To: Dayuhan who wrote (101879)6/18/2003 1:00:58 AM
From: LindyBill  Read Replies (2) | Respond to of 281500
 
Gingrich Again Assails State Department, Calling It 'Broken'
By ERIC SCHMITT

WASHINGTON, June 17 - The former speaker of the House, Newt Gingrich, assailed the State Department today as "a broken institution," and called on President Bush to overhaul the agency to promote democratic values more effectively in a world where anti-American sentiment was on the rise.

Mr. Gingrich's remarks to reporters today and in a coming article in Foreign Policy magazine were startling for their blunt criticism of an important part of a Republican administration and because they came nearly two months after White House officials rebuked Mr. Gingrich for similar comments he had made about the State Department as an attack on the president.

Mr. Gingrich resigned as speaker of the House five years ago, but he remains an influential voice in the powerful neoconservative wing of the Republican Party that has criticized the State Department's positions on issues from the Middle East to North Korea. He is friends with Vice President Dick Cheney and Defense Secretary Donald H. Rumsfeld, and serves on the Defense Policy Board, an advisory panel.

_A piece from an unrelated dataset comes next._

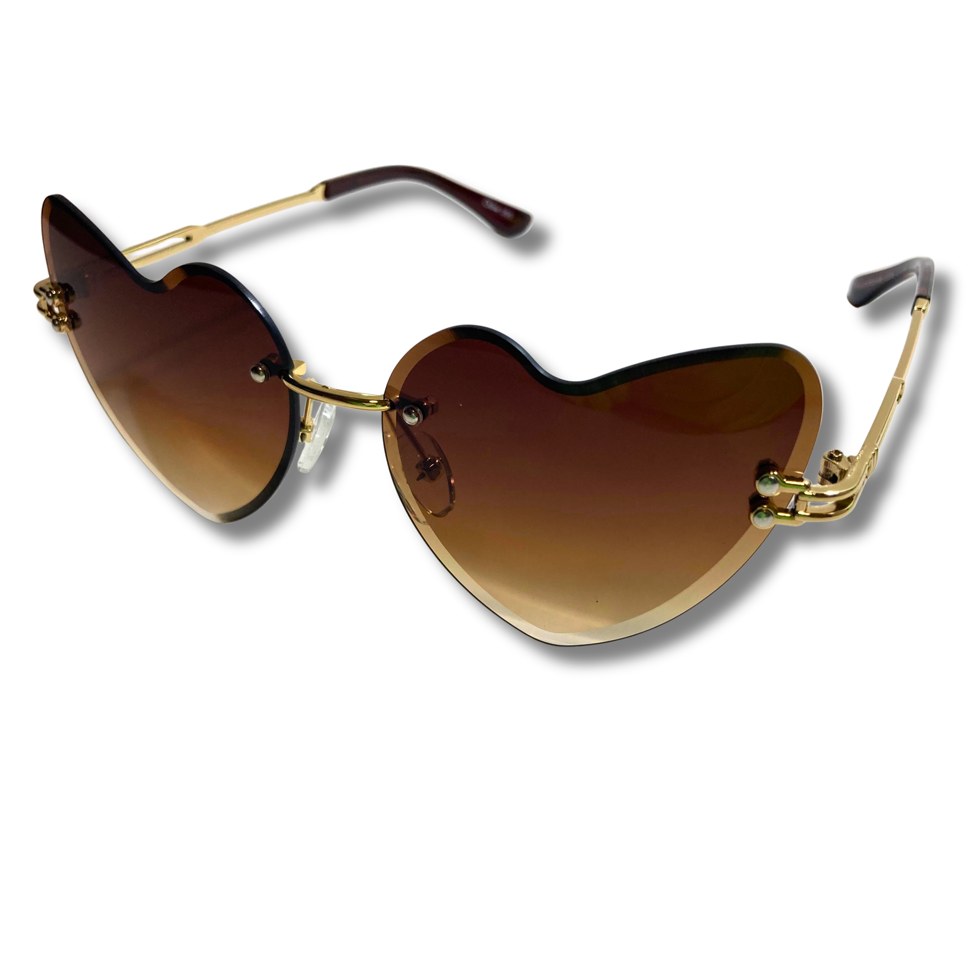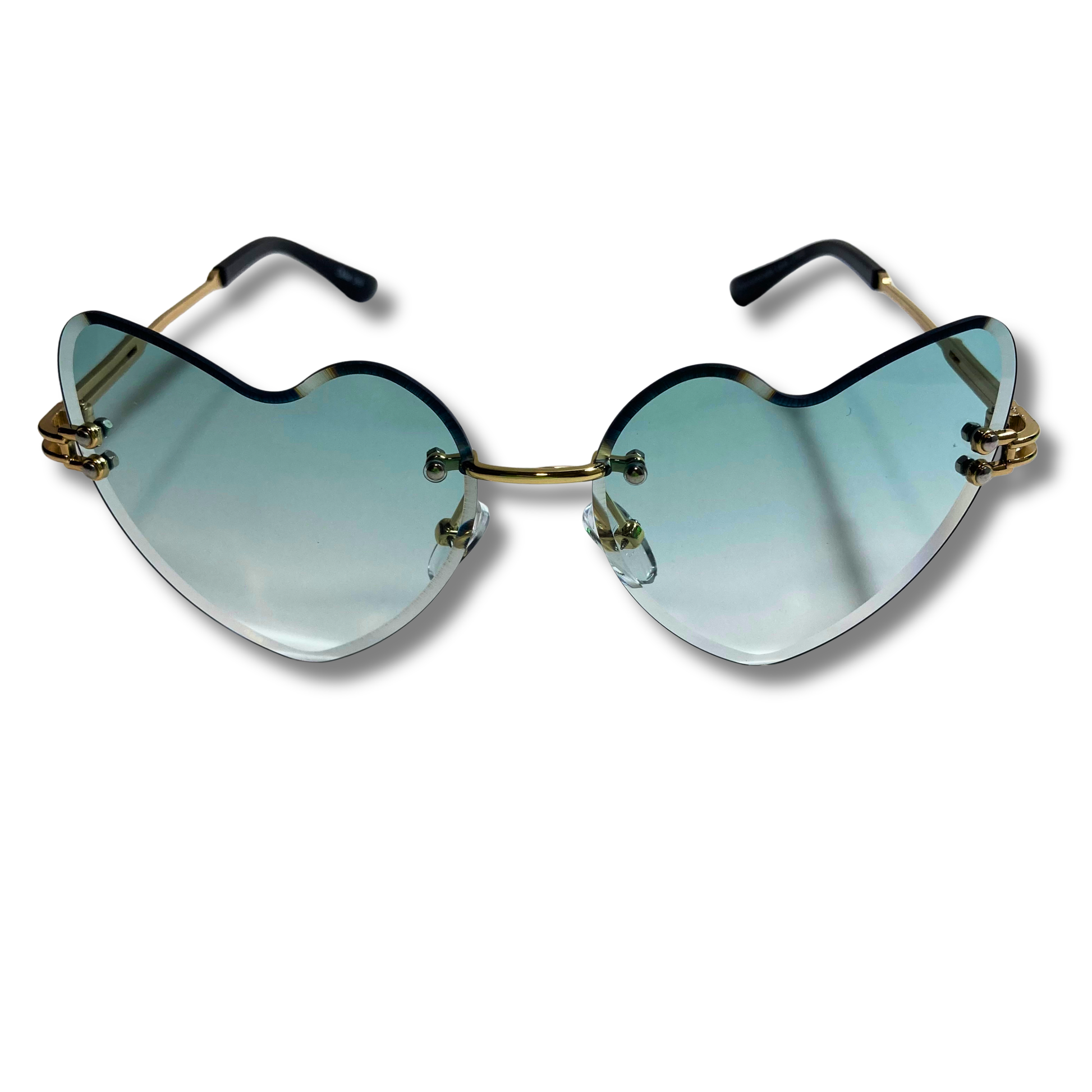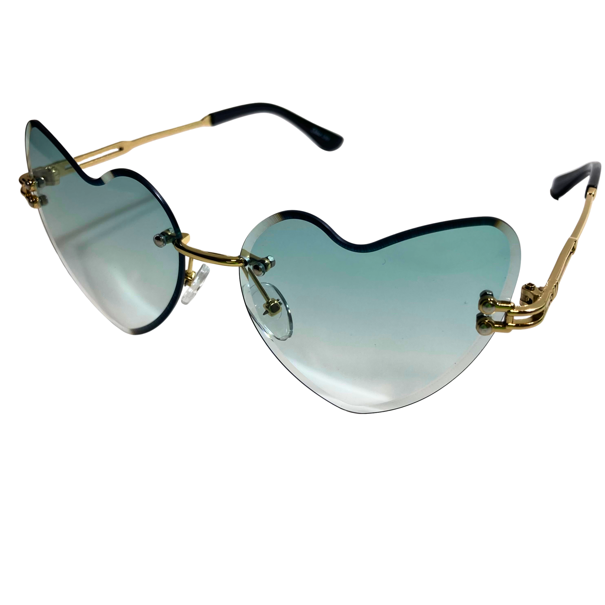 The Amour is the queen bee of heart-shaped sunglasses. These rimless sunglasses feature a bevelled lens and sturdy metal frame complete with barrel hinges. Available in five colors: silver/black & pink, silver/pink & blue, gold/green fade, gold/black fade, and gold/brown fade.

While Mr. Gingrich sought to avoid personalizing his attack, it was hard not to take his remarks as an implicit criticism of Secretary of State Colin L. Powell's stewardship. A spokesman for Mr. Powell, who is in Cambodia, said he had not seen the statements and had no immediate comment on them.

In an interview with a small group of reporters to promote his magazine article, Mr. Gingrich said today that the State Department was undercutting Mr. Bush's foreign policy goals by propping up dictators, coddling corrupt allies and failing to champion aggressively such American values as the rule of law, constitutional liberties and free elections.

"It's not the State Department's job to manage the world they find," Mr. Gingrich said. "It's the State Department's job to interact with the world in a manner which moves it closer to the kind of world America hopes for."

Mr. Gingrich offered several policy recommendations, like increasing the size of the Foreign Service by 40 percent and establishing a new White House office of global communication. He also called on the House and Senate to hold hearings on the subject, and urged Mr. Bush to present specific recommendations, perhaps drafted by a presidential task force, by the next State of the Union address in January.

"The State Department needs to experience culture shock, a top-to-bottom transformation that will make it a more effective communicator of U.S. values," Mr. Gingrich wrote in his article, given to reporters in advance.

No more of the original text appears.